Top of Records provided

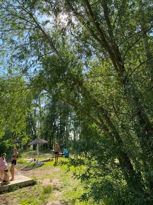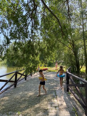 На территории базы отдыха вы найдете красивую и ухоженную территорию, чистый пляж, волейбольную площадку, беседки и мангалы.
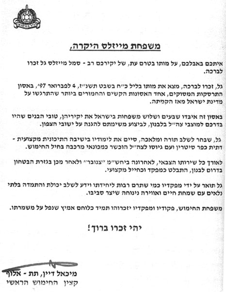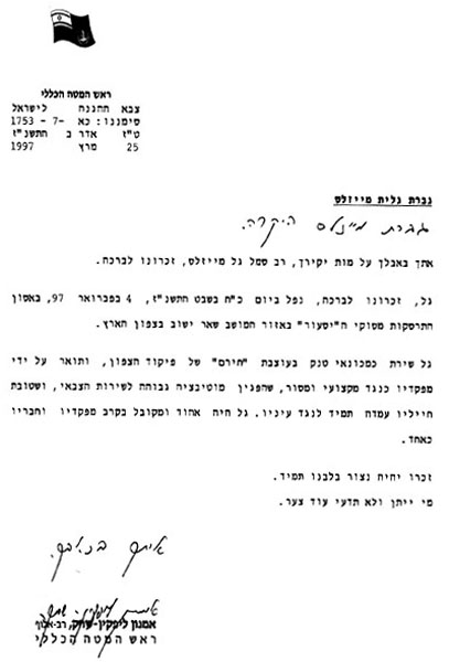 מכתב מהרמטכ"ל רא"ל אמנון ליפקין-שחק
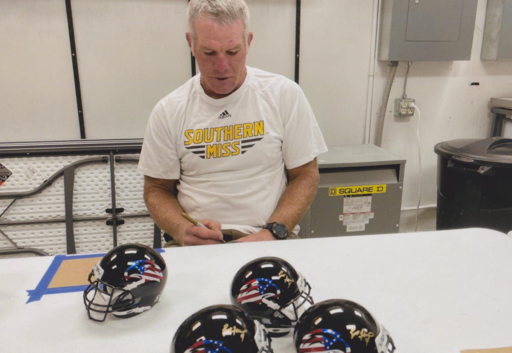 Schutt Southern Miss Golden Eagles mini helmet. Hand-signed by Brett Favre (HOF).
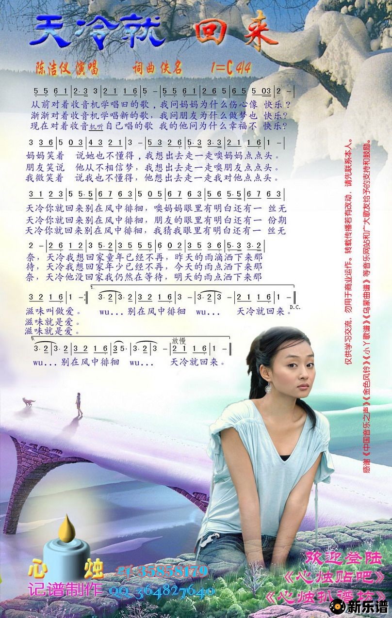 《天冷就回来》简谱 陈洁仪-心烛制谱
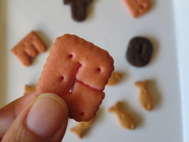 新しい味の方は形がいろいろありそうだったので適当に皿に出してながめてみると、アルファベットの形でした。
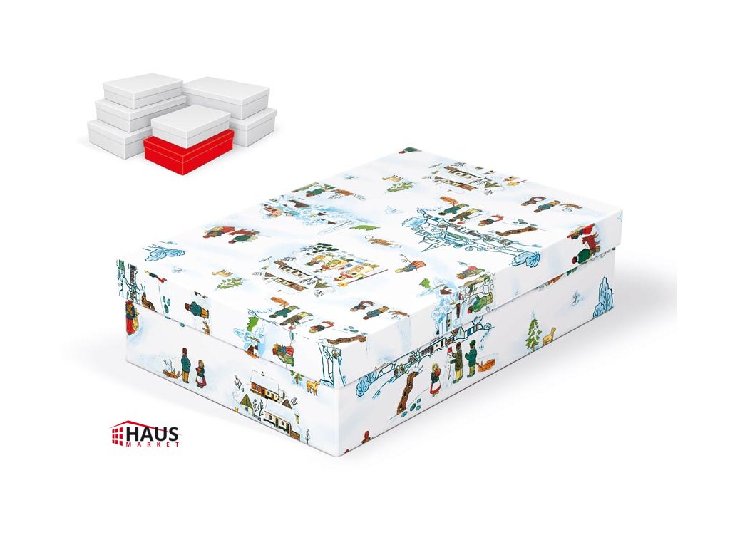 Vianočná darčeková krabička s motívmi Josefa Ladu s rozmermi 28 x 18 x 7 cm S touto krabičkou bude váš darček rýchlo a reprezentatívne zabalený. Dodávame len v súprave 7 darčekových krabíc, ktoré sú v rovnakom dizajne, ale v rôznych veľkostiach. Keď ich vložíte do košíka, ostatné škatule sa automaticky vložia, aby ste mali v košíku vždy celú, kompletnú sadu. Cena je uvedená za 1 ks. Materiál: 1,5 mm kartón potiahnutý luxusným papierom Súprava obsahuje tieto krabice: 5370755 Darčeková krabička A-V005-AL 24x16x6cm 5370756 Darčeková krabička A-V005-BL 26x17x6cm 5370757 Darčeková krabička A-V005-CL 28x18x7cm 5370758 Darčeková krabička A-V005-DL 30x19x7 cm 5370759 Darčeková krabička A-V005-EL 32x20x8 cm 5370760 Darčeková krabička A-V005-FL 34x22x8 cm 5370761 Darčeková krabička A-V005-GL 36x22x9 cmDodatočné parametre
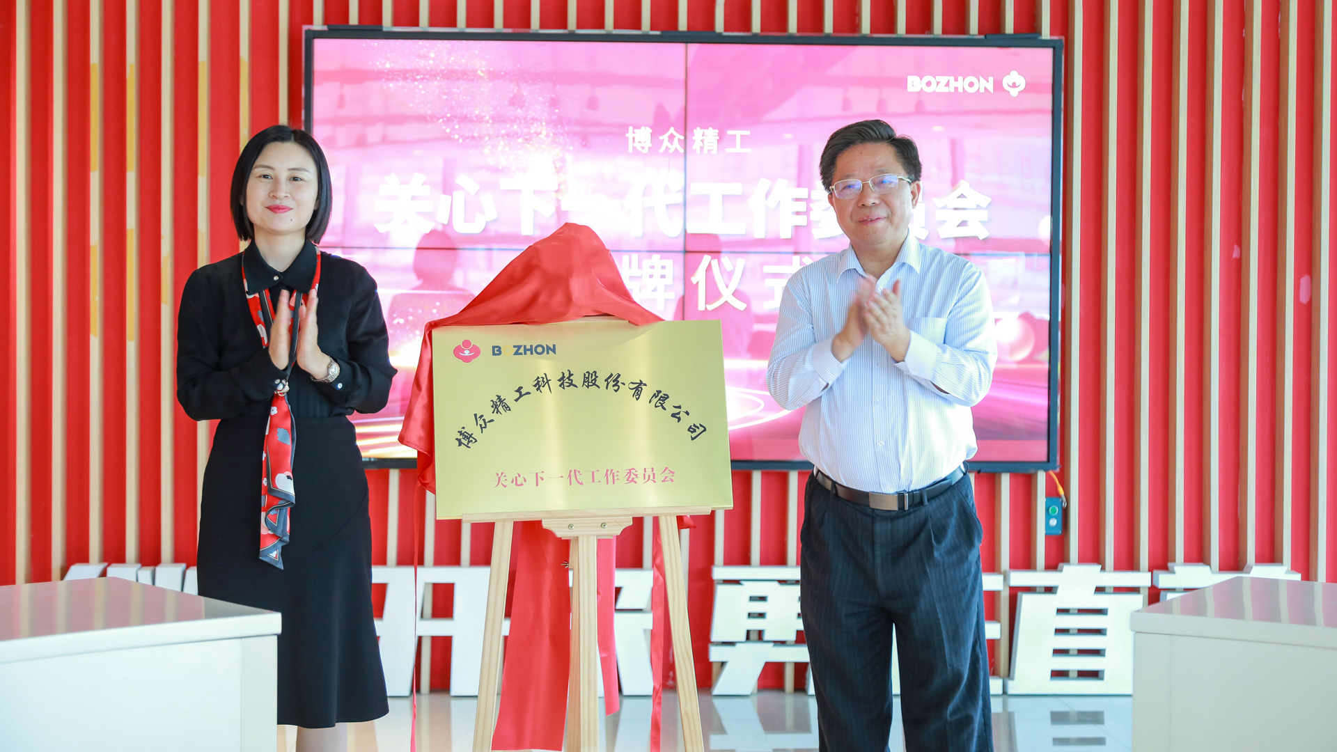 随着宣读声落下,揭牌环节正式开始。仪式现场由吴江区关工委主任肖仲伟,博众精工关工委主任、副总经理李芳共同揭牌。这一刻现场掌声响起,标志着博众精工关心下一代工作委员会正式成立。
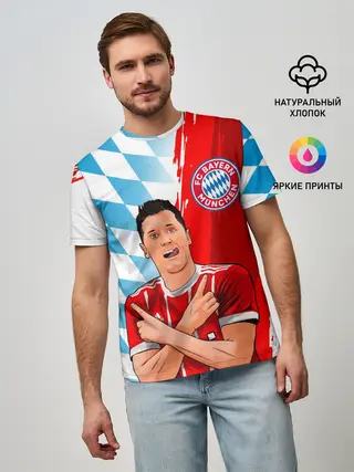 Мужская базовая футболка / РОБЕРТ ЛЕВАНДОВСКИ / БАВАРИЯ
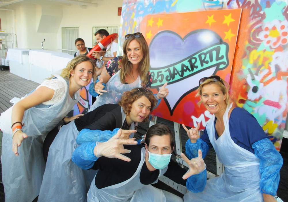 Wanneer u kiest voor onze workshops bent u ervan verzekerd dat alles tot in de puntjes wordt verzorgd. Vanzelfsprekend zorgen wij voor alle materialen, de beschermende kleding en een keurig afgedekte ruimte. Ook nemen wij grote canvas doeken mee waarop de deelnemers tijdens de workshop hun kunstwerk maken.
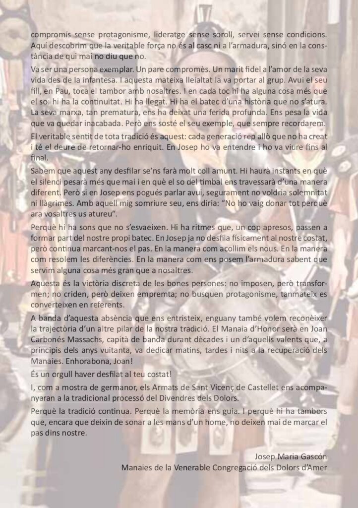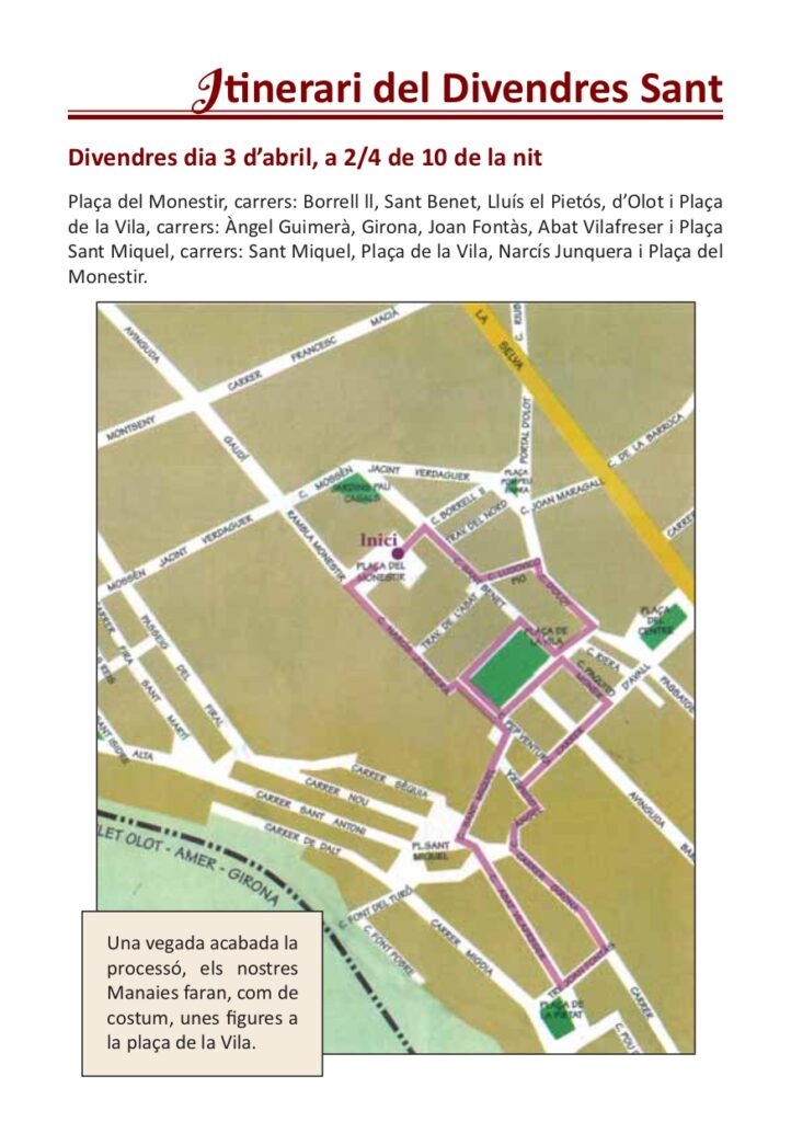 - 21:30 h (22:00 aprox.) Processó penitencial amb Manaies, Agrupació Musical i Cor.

Bottom of Records provided

What the exercise asks:
Before answering, please find the line containing "新しい味の方は形がいろいろあ" above, then copy exactly from it through the last line of the entries, both included, without pictures.

Solution to the problem:
 新しい味の方は形がいろいろありそうだったので適当に皿に出してながめてみると、アルファベットの形でした。
 Vianočná darčeková krabička s motívmi Josefa Ladu s rozmermi 28 x 18 x 7 cm S touto krabičkou bude váš darček rýchlo a reprezentatívne zabalený. Dodávame len v súprave 7 darčekových krabíc, ktoré sú v rovnakom dizajne, ale v rôznych veľkostiach. Keď ich vložíte do košíka, ostatné škatule sa automaticky vložia, aby ste mali v košíku vždy celú, kompletnú sadu. Cena je uvedená za 1 ks. Materiál: 1,5 mm kartón potiahnutý luxusným papierom Súprava obsahuje tieto krabice: 5370755 Darčeková krabička A-V005-AL 24x16x6cm 5370756 Darčeková krabička A-V005-BL 26x17x6cm 5370757 Darčeková krabička A-V005-CL 28x18x7cm 5370758 Darčeková krabička A-V005-DL 30x19x7 cm 5370759 Darčeková krabička A-V005-EL 32x20x8 cm 5370760 Darčeková krabička A-V005-FL 34x22x8 cm 5370761 Darčeková krabička A-V005-GL 36x22x9 cmDodatočné parametre
 随着宣读声落下,揭牌环节正式开始。仪式现场由吴江区关工委主任肖仲伟,博众精工关工委主任、副总经理李芳共同揭牌。这一刻现场掌声响起,标志着博众精工关心下一代工作委员会正式成立。
 Мужская базовая футболка / РОБЕРТ ЛЕВАНДОВСКИ / БАВАРИЯ
 Wanneer u kiest voor onze workshops bent u ervan verzekerd dat alles tot in de puntjes wordt verzorgd. Vanzelfsprekend zorgen wij voor alle materialen, de beschermende kleding en een keurig afgedekte ruimte. Ook nemen wij grote canvas doeken mee waarop de deelnemers tijdens de workshop hun kunstwerk maken.
 - 21:30 h (22:00 aprox.) Processó penitencial amb Manaies, Agrupació Musical i Cor.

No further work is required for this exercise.